- Born: October 9, 1908 Manhattan, Kansas
- Died: May 1959 (aged 50) El Centro, California
- Allegiance: United States
- Branch: United States Navy, Office of Strategic Services
- Service years: 1941–1945 1946
- Rank: Lieutenant commander
- Awards: Purple heart, etc. Navy Cross;

= Jack Hendrick Taylor =

American military operative (1908–1959)

Jack Hendrick Taylor (October 9, 1908 – May 1959) was a United States Navy officer, OSS operative and Nazi concentration camp survivor.

==Early life==
Taylor was born in Kansas. He moved to Hollywood at age 13 with his mother, father and younger sister, where his father operated an orthodontic clinic. An avid yachtsman and swimmer, Taylor was also a licensed pilot.

==Military service==
After the Imperial Japanese Navy attacked Pearl Harbor Taylor enlisted in the US Navy and was assigned to a submarine chaser. Taylor, who had met William J. Donovan briefly before the war, was then recruited to join the OSS, the United States' wartime intelligence agency established in 1942. He was one of the first to join the organization's newly formed Maritime Unit, a precursor to the Navy SEALS. For this reason, Taylor is sometimes informally referred to as the "first Navy SEAL".

Taylor initially served as chief instructor at the Maritime Unit's secret Smith Point training camp in Maryland. In November 1942, Taylor helped inventor Christian J. Lambertsen demonstrate his secret Lambertsen Amphibious Respiratory Unit for OSS officer Commander H. G. A. Woolley. The invention would eventually allow the Maritime Unit to undertake clandestine diving missions in support of the Allied forces.

In summer 1943, Taylor was deployed to Cairo to gather watercraft for the unit's upcoming missions in the Aegean Sea. Taylor was active before the Battle of Leros, dodging German troops and carrying supplies to MI6 operatives. He often collaborated with American film actor Sterling Hayden, who worked for the OSS Special Operations branch. In September 1943, Taylor was appointed OSS Operations Officer in Italy, where he set up a Maritime Unit branch in the city of Bari to supply Josip Broz Tito's Yugoslav Partisans, a guerilla force fighting against Nazi Germany in occupied Yugoslavia. After the December 1943 air raid on Bari, Taylor relocated the OSS base of operations to Monopoli. Taylor personally led many of the Maritime Unit's covert missions, including one into Albania to rescue a flight of American nurses and medics who had been forced down in the Ceraunian Mountains. On a later trip, Taylor and his men were trapped in Albania for three months, sneaking back into Italy in July 1944 with letters from Albanian nationalist Abaz Kupi.

==Capture and internment==
In October 1944, Taylor parachuted into Austria with three OSS operatives to spy on German supply lines around the city of Wiener Neustadt.

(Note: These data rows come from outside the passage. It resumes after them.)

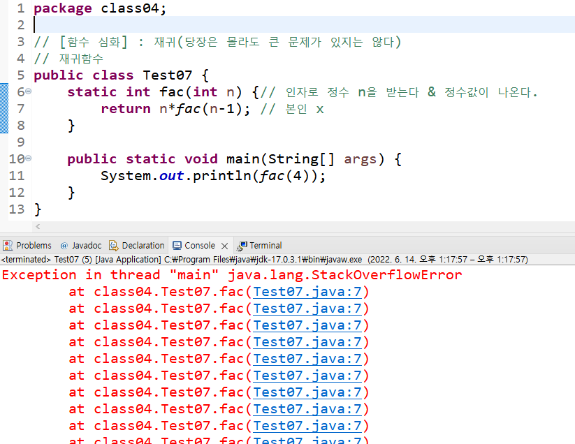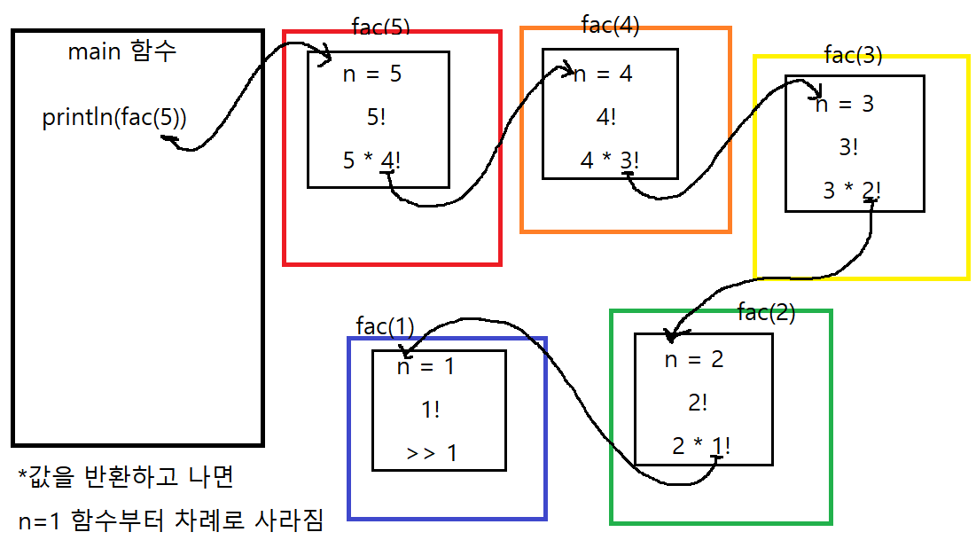 System.out.println(fac(5)); // 5! 출력하기
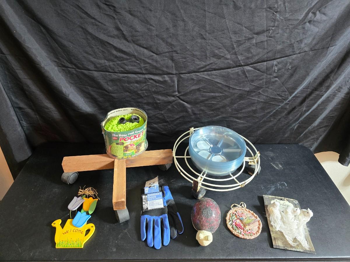 Gardening items - new gloves - plant stands - Pocket hose - Flowerbed decor and more
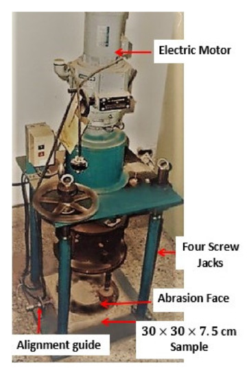 The abrasion resistance of the RC surface was investigated using the standard test method according to [34]. The abrasion tests were performed using the Revolving disk abrasion test machine. In this method, friction forces were applied by rotating steel disks to grind and rub the concrete samples (see Figure 4). Height measurements of the specimens were taken throughout the test. The test period was 60 min so as to produce significant wear on the concrete faces.
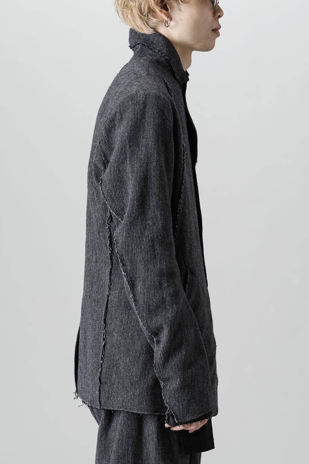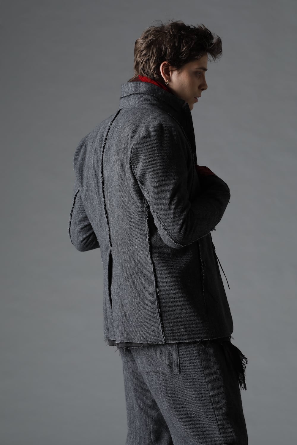 ・This item is made of a dobby stripe fabric with a soft texture made by mixing mohair. C/# CHACOAL is colored with the charcoal of warp and black of weft, and C/# BLACK is colored with the same color of warp and weft with dobby weave three-dimensional stripe.
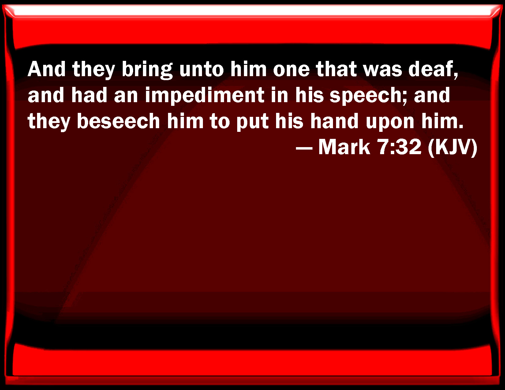 And they bring unto him one that was deaf, and had an impediment in his speech; and they beseech him to lay his hand upon him.
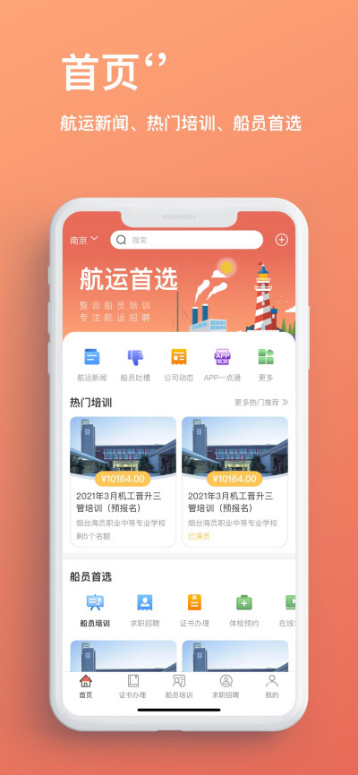 ——船员培训考试办证工作无忧。提供船员在线预约培训,全国百家海事院校任您选择,线上优质视频文本学习资源可供下载,全真模拟考试临考不慌,一键办理证书省心省时省力,海量企业公开招聘信息,就业有保障!
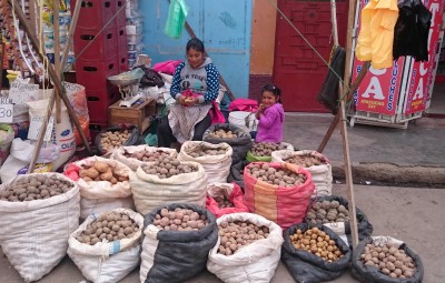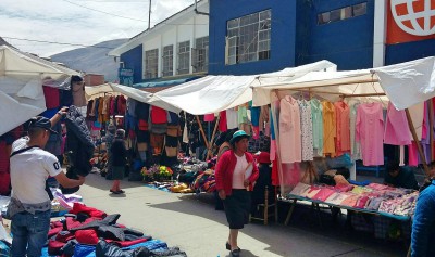 Siste dagen i Tarma, torsdag var det enda markedsdag i byen slik det var da vi bodde der for så lenge siden. Men mye var forandret. Slike boder som sees på dette bildet med klær, sko og annet fantes ikke den gangen. Men frukt og grønnsakene og ikke minst potetene var der, men lite lå på bakken med sekker under seg slik det var vanlig før. Godt å se at det var utvikling også på det området. Flere gater rundt markedshallen var stengt for biltrafikk for å gi plass til alle salgsbodene.
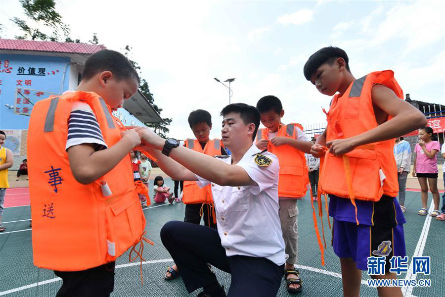 7月13日,在廣西融水苗族自治縣桿洞鄉黨鳩小學,融水海事處工作人員指導學生穿救生衣。當日,廣西柳州融水海事處在桿洞鄉黨鳩小學開展防溺水及水上交通安全知識教育活動,向學生們普及水上安全知識,并講解水上應急救援技能。(新華社記者 黃孝邦/攝)
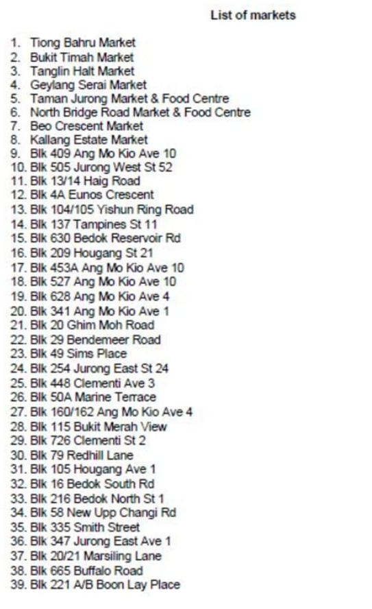 这些巴刹包括芽笼士乃、裕廊西52街第505座以及义顺环路第104和105座。
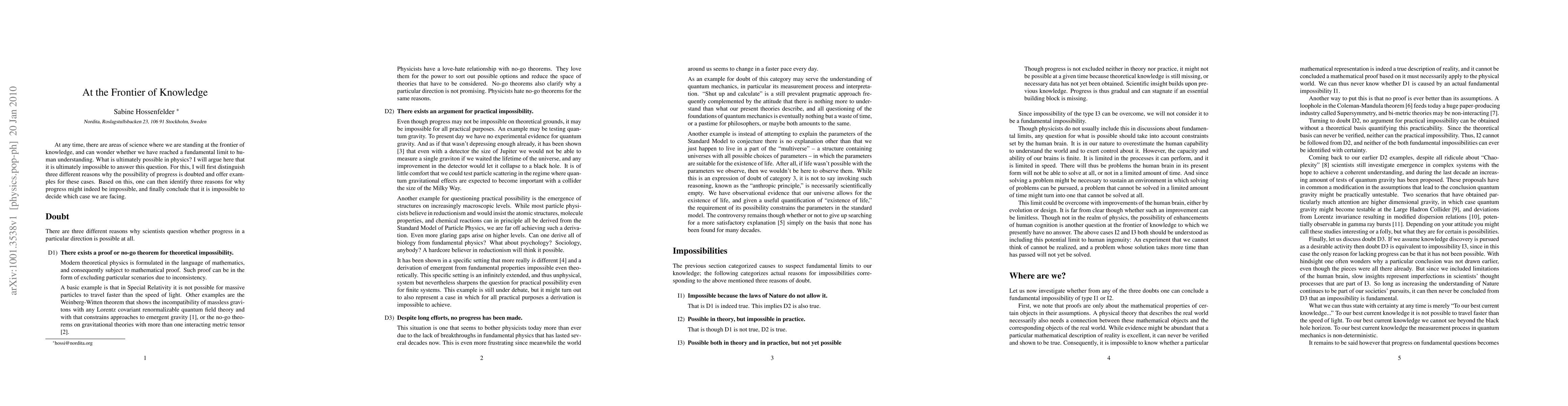 At any time, there are areas of science where we are standing at the frontier of knowledge, and can wonder whether we have reached a fundamental limit to human understanding. What is ultimately possible in physics? I will argue here that it is ultimately impossible to answer this question. For this, I will first distinguish three different reasons why the possibility of progress is doubted and offer examples for these cases. Based on this, one can then identify three reasons for why progress might indeed be impossible, and finally conclude that it is impossible to decide which case we are facing.
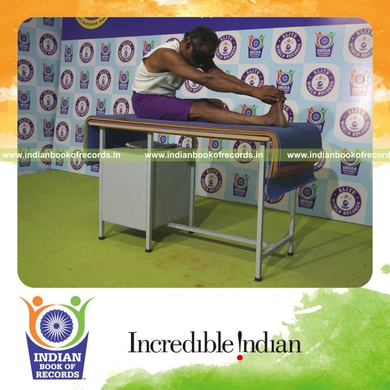 The Longest Duration Holding Daksina Mahamudra Yoga Pose Blindfolded on a Table by an Individual (Male) lasted for 3 Minutes and 1 Seconds. It was accomplished by Dr.V.Gunasekaran, Founder-Maragatham Yogalayam at Udumalpet, Tirupur District, Tamil Nadu, India on September 28, 2019.
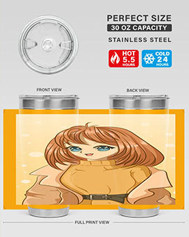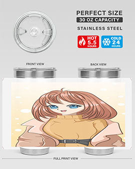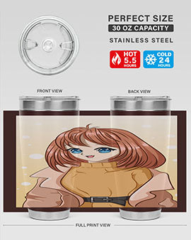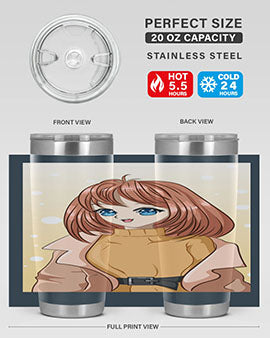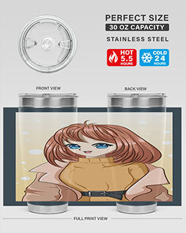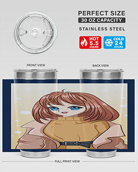 Featuring a stunning design of a girl with short hair dressed in winter clothes, this tumbler is perfect for anime lovers. The vibrant colors and intricate details make it a standout piece that you can proudly show off. The design is printed in the USA, ensuring high-quality standards and vibrant colors that won't fade over time.
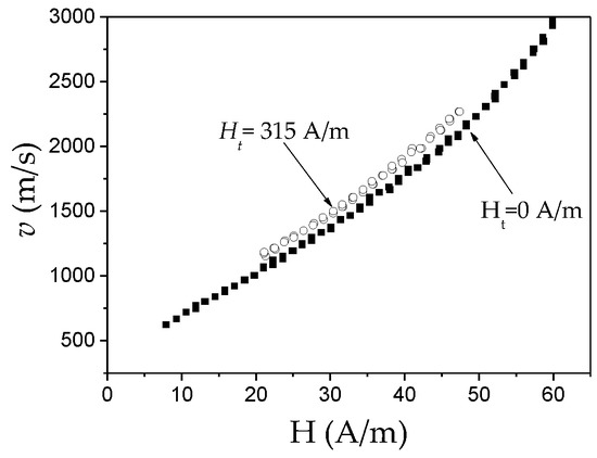 - Zhukova, V.; Blanco, J.M.; Ipatov, M.; Zhukov, A. Effect of transverse magnetic field on domain wall propagation in magnetically bistable glass-coated amorphous microwires. J. Appl. Phys. 2009, 106, 113914. [Google Scholar] [CrossRef]
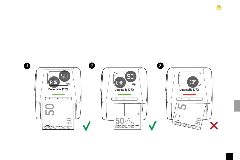 3. Když je zjištěna podezřelá bankovka, bude blikat červené světlo. Zobrazí se chybový kód.
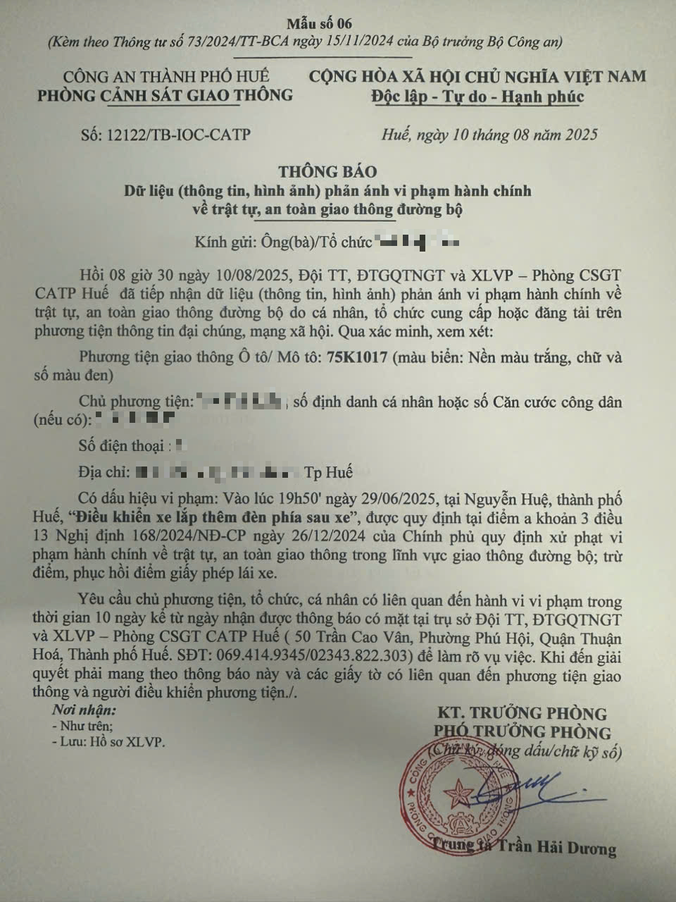 Vấn đề quý Ông/Bà phản ánh, Phòng Cảnh sát giao thông – Công an thành phố Huế đã kiểm tra và xin thông báo kết quả như sau:
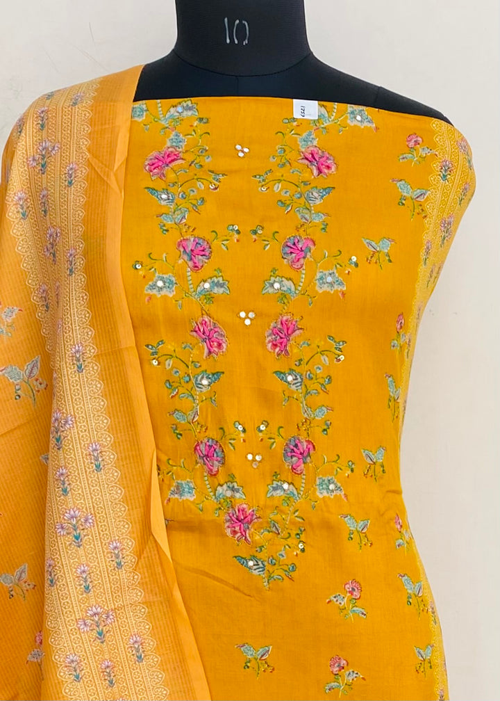 Designer Embroidered Suit Length 3 Piece Mustard Mal Cotton With Sequence Work
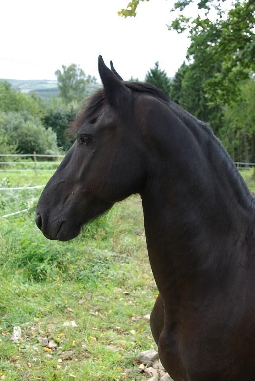 | Dire merci | Vous auriez une solution pour le pousser à boire et à rendre le foin plus "attrayant"? Comment tu sais qu'il ne boit pas assez? Une jument a davantage tendance à prendre et je pense qu'un frison a des besoins énergétiques plus élevés . Non, un frison n'a pas forcement plus besoin qu'un autre... Je vais prendre exemple avec une autre race... on a deux selle français à la pension, le mien, qui bouffe 5L (vermifuges à jour, aucun soucis de santé), qui est juste bien (14 ans), et un autre, de même race, qui mange à peine un litre, et qui est gras comme une loche... c'est pas la race qui fait le besoin energetique, mais l'individu... et coté frison, j'en connais qui mange moins que le tien, pour une taille d'1.80 et de 800 kg (oui, c'est du frison dopé à l'hormone de croissance!)... tout ça pour dire que s'il n'est pas maigre et en bonne santé, ça ne me choque pas qu'il ne mange pas de grain, ce n'est pas forcement utile pour un cheval bien equilibré... Bref, comme l'ont dit les autres, l'important pour le muscler c'est du travail, principalement au trot, avec des transitions... Et travail en exterieur, montées, descentes au pas et au trot... Et faut deja voir ce qu'il a fait avant, et quel àge il a.... |

However, they caught the attention of Gestapo agents and were arrested and sent to the Morzinplatz Gestapo headquarters in Vienna. In March 1945, Taylor was transferred to the Mauthausen-Gusen concentration camp complex in northern Austria. He was one of the few American inmates in the camp and collected intelligence from fellow inmates regarding the atrocities committed in the camp. Taylor was also part of the slave labor force that built the crematorium used to exterminate the concentration camp prisoners. Suffering from dysentery and starvation, Taylor was scheduled to be executed four times, but was saved by fellow inmates who wanted him to survive to report on the camp conditions. Taylor was spared from execution a fifth time when part of the 11th Armored Division liberated the camp on May 5, 1945. He was interviewed inside the camp as part of the Nazi Concentration Camps film in 1945 by film director George Stevens. Taylor spent his remaining time in Austria collecting documents and interviewing witnesses to gather evidence against the camp commanders and guards.

==Post-military career==
After being honorably discharged in autumn 1945, Taylor returned to civilian life in California. He was briefly reactivated in 1946 to serve as one of the primary witnesses in United States of America vs. Hans Altfuldisch et al.. During the trial, he detailed many of the atrocities committed by Waffen-SS members at the Mauthausen-Gusen concentration camp complex, based on the evidence he had helped to gather.

According to biographer Patrick O'Donnell, Taylor suffered from symptoms contingent with posttraumatic stress disorder later in his life.

He died in the crash of a private light plane that he was piloting in the vicinity of Imperial County, California, not far from his residence, on 10 May 1959. His OSS files were not declassified until after his death.